A team led by Cherie R. Kagan of the University of Pennsylvania developed the repair technique while working with cadmium selenide nanocrystals, one of the most intensely studied types of nanocrystals. The materials are already used in a few commercial applications. The company QD Vision, for example, has partnered with Sony to sell a CdSe-based display that produces a greater color gamut than is possible with traditional displays.

Nanocrystals are favored materials in electronics because their high surface-area-to-volume ratio enhances their reactivity. But that reactivity typically is short-lived—exposure to air and solvents leads to surface defects that ultimately impede performance. Engineers must fabricate devices with the materials under an inert atmosphere and in dry conditions, which often aren’t compatible with large-scale fabrication techniques.
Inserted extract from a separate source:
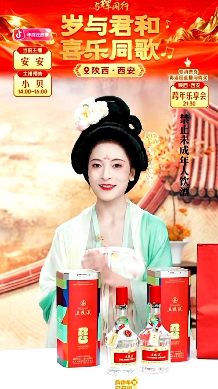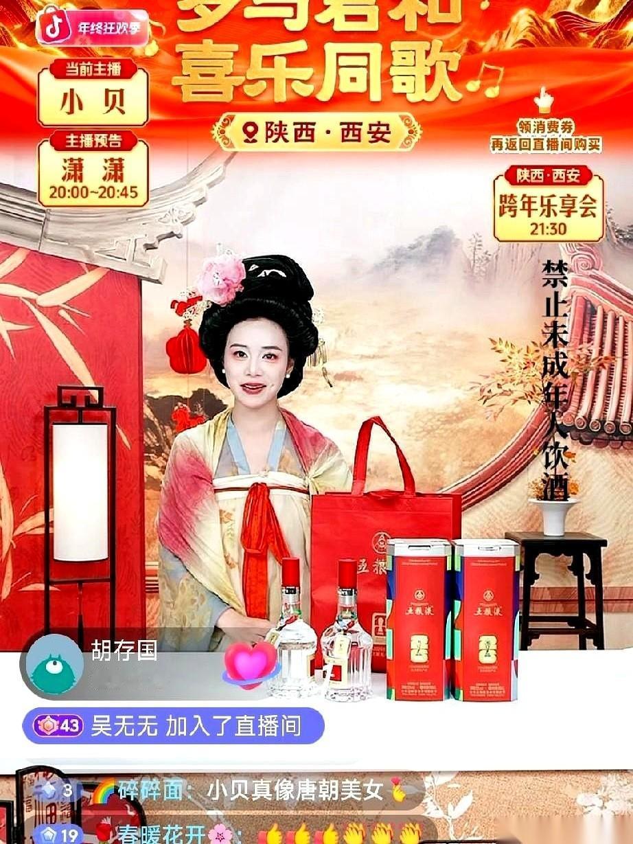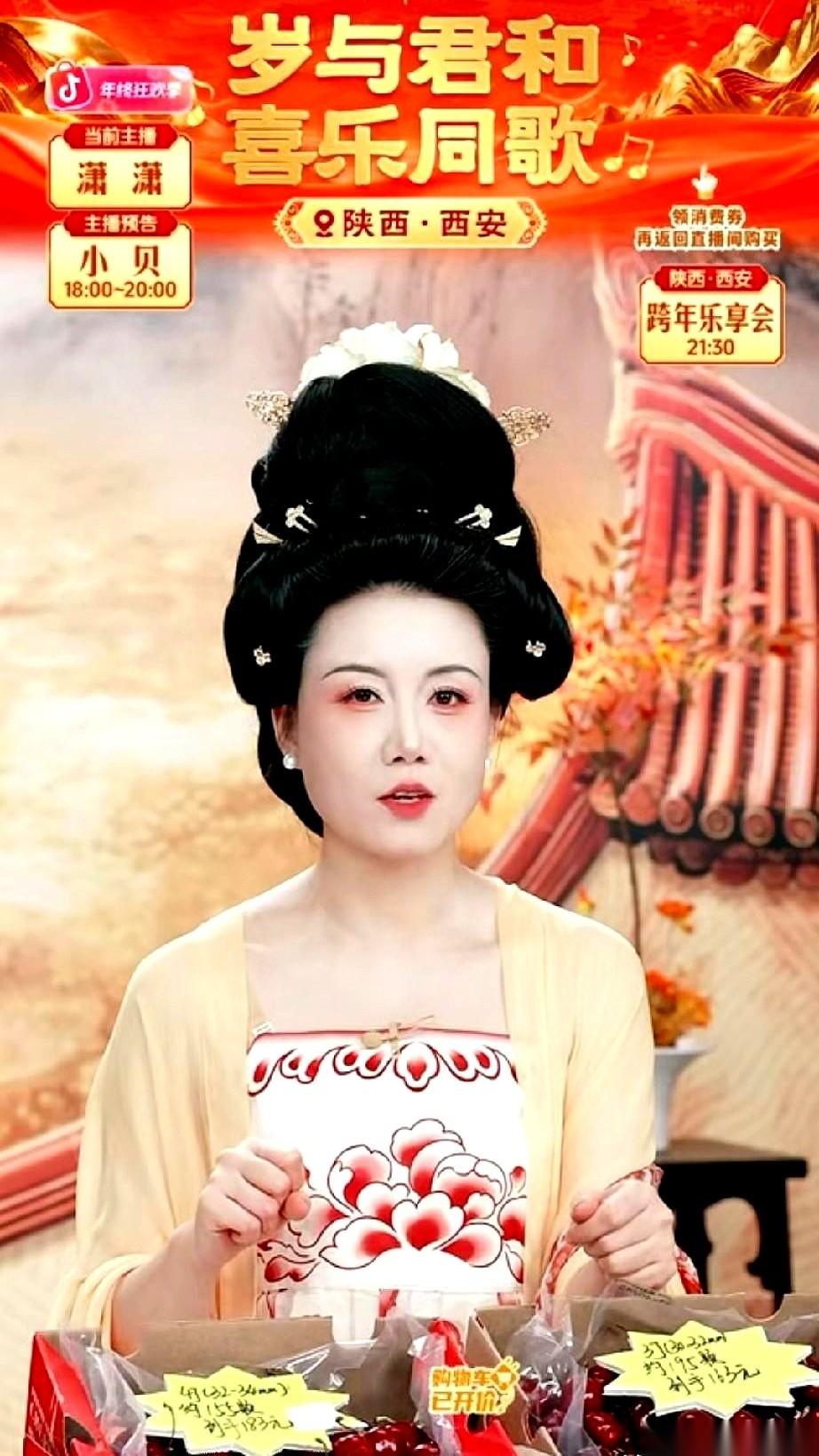 与辉同行跨年这场,刚开播就搞了个大动作。 小贝对着镜头宣布,8点45分,直播间准时断播。 所有人都以为出了什么状况,结果是为了让大家9点能投屏到电视上看,专门留出的技术时间。 但这都不是重点。 重点是镜头一转,满屏的大唐美人。一个个发髻高耸,眉心点着花钿,宽袍大袖一甩,仿佛直接从古画里走了下来,站在了高清镜头前。 那一步一晃的姿态,那雍容华贵的气场,直接把直播间的天花板给顶穿了。 这哪是直播,这简直是把大唐盛景直接搬进了2024年。就这阵仗,你说它是哪个台的跨年晚会我都信。

Kagan’s group thought it could fix the defects with indium, a metal commonly used to dope electronic materials to improve their performance. They envisioned that the indium atoms would bind with the films’ surfaces, replacing oxygen and other molecules responsible for the defects. “If you think of a defect as a hole you have to plug,” Kagan says, “the indium comes in and fills that spot.”

The treatment step is simple: The team evaporates indium metal in the presence of the nanocrystal thin films and then heats the films. Thin-film transistors made using CdSe and infused with indium outperformed untreated transistors in a number of electrical performance tests. For example, electron mobility in the treated films was about 50 times greater than in the untreated ones. On the basis of data from voltammetry and ultraviolet-visible spectroscopy, the researchers concluded that the indium treatment repairs the thin films by forcing oxygen and water molecules to desorb from the films’ surfaces.

Kagan says future work will include using the indium fix with more complex circuitry and using nanocrystals other than CdSe.

Prior to this work, says Dmitri V. Talapin, a nanomaterials chemist at the University of Chicago, it was unclear whether nanocrystal-based devices could move beyond a lab curiosity and into real-world applications. “This work convincingly shows that these things can operate in air,” he says.